Forcés de disparaître de la carte, ils ont été condamnés à une mort froide que le temps a accéléré. Des gens qui ont été laissés à la merci de la mémoire, mais seulement de ceux qui ont un jour fait partie de leur histoire. Malgré cette issue tragique, l’espoir est resté intact chez un bon nombre de ces habitants qui ont été contraints de partir.

Même si une partie de leurs vies leur a été enlevée, ils n’ont pas laissé leur identité se perdre. Leurs villages avaient droit à la vie. Aujourd’hui, alors que les grandes villes deviennent de plus en plus grandes et cherchent à attirer plus d’habitants, dans les petits villages, les batailles passent inaperçues. Leur seul but : renaître.

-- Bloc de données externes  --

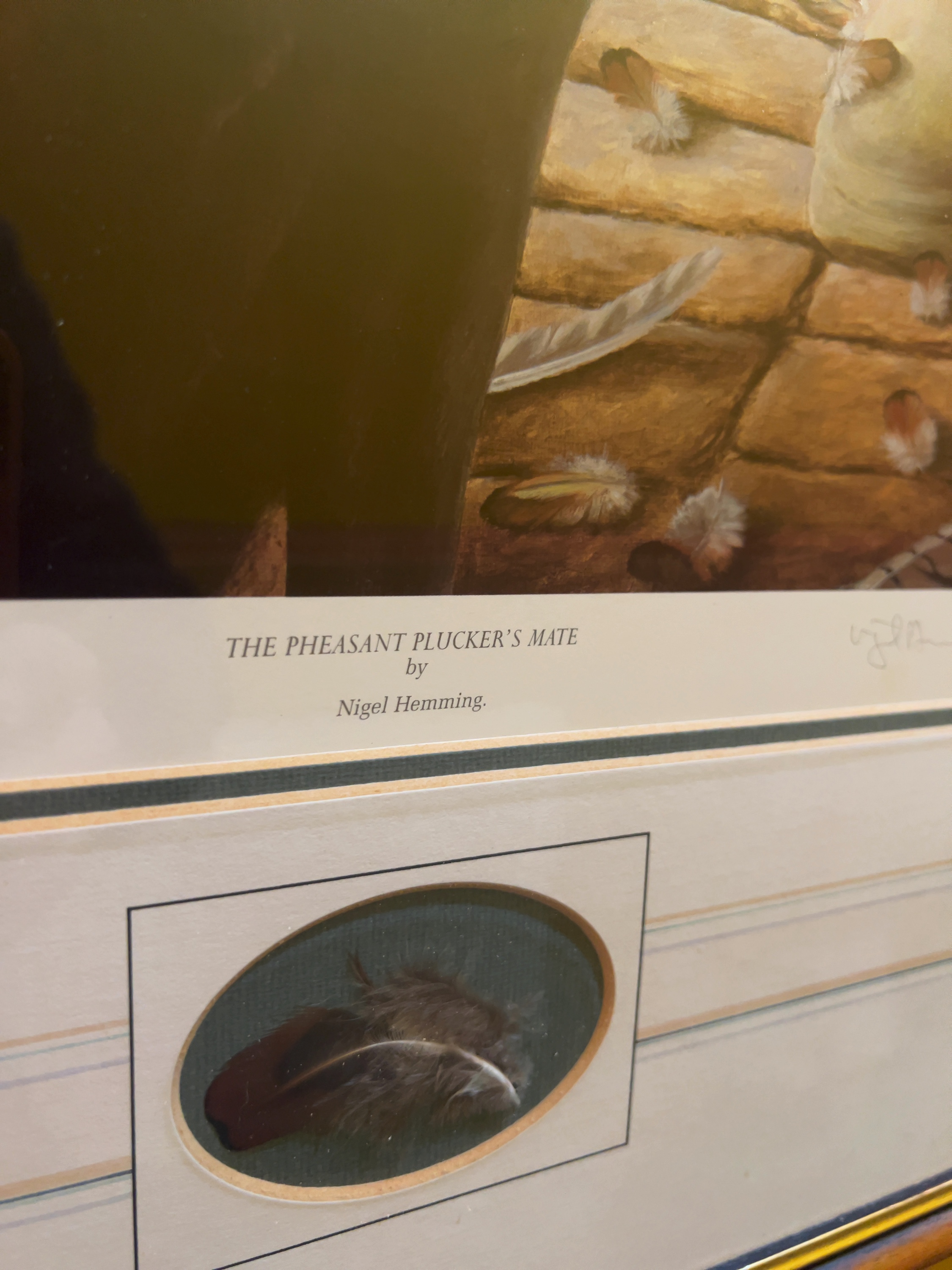 A limited edition colour print titled The Pheasant Plucker’s Mate by Nigel Hemming (British, born 1957) and hand-signed in pencil by the artist in the lower right margin and numbered 13/750 in the lower left. A Washington Green publisher’s blind stamp is visible in the lower left margin.
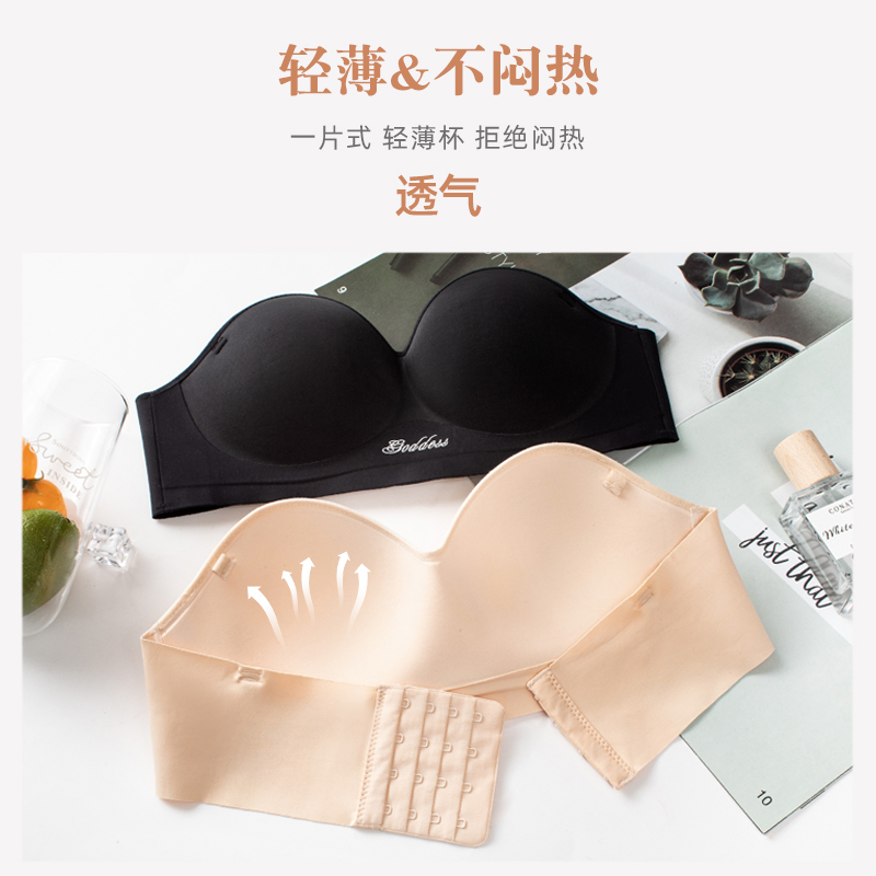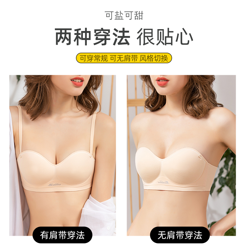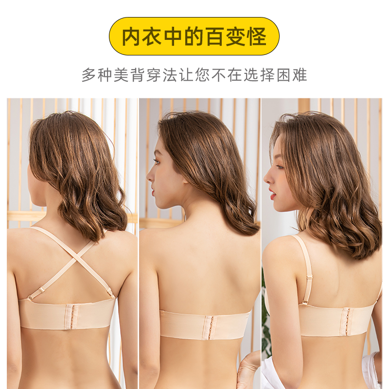 Strapless non-slip sexy lingerie women's underwire-free summer invisible small bra gathered bra beautiful back wrapped chest bandeau

Pourquoi les villages meurent-ils ?

La disparition calamiteuse de villages en Espagne n’est pas quelque chose de nouveau, mais un continuum dans l’histoire. Le premier dépeuplement a eu lieu à l’époque romaine, surtout dans le Bas-Empire, bien que dans ce cas le déclin ait été pour les villes et pas tellement pour le milieu rural. Cette tendance s’est accentuée sur le centre de la péninsule au cours du Moyen Âge avec les guerres entre chrétiens et musulmans. Plus tard, la même chose se produira dans la région du Levant à la suite des menaces des pirates sarrasins et berbères.

Le village de Bubal, province de Huesca. | Wikimedia

Aujourd’hui, l’Espagne compte encore de plus en plus de zones dépeuplées sur l’ensemble de sa géographie. Certains reprennent le flambeau des temps passés, mais les centaines de villages qui ont disparu plus récemment l’ont fait d’une autre manière. C’est à partir de la seconde moitié du XXe siècle, et surtout dans les années 1960, qu’un exode massif de la campagne vers la ville a eu lieu.

Certains de ces déplacements étaient dus à des cas de force majeure. L’exemple le plus courant est celui de la ville balayée par les eaux des lacs de barrage au milieu et à la fin du siècle dernier. Le plan hydraulique promu par la dictature de Franco a inauguré un grand nombre de barrages qui, en même temps, ont entraîné la disparition des centres urbains. Une réalité qui s’est maintenue même avec l’arrivée de la démocratie. Beaucoup se sont retrouvées submergées, d’autres ont réussi à se sauver en premier lieu. Mais cela n’a servi à rien à ceux qui avaient déjà été expulsés ou qui ont vu les vallées qui nourrissaient leur bétail détruites. L’ancienne vie locale a été perdue.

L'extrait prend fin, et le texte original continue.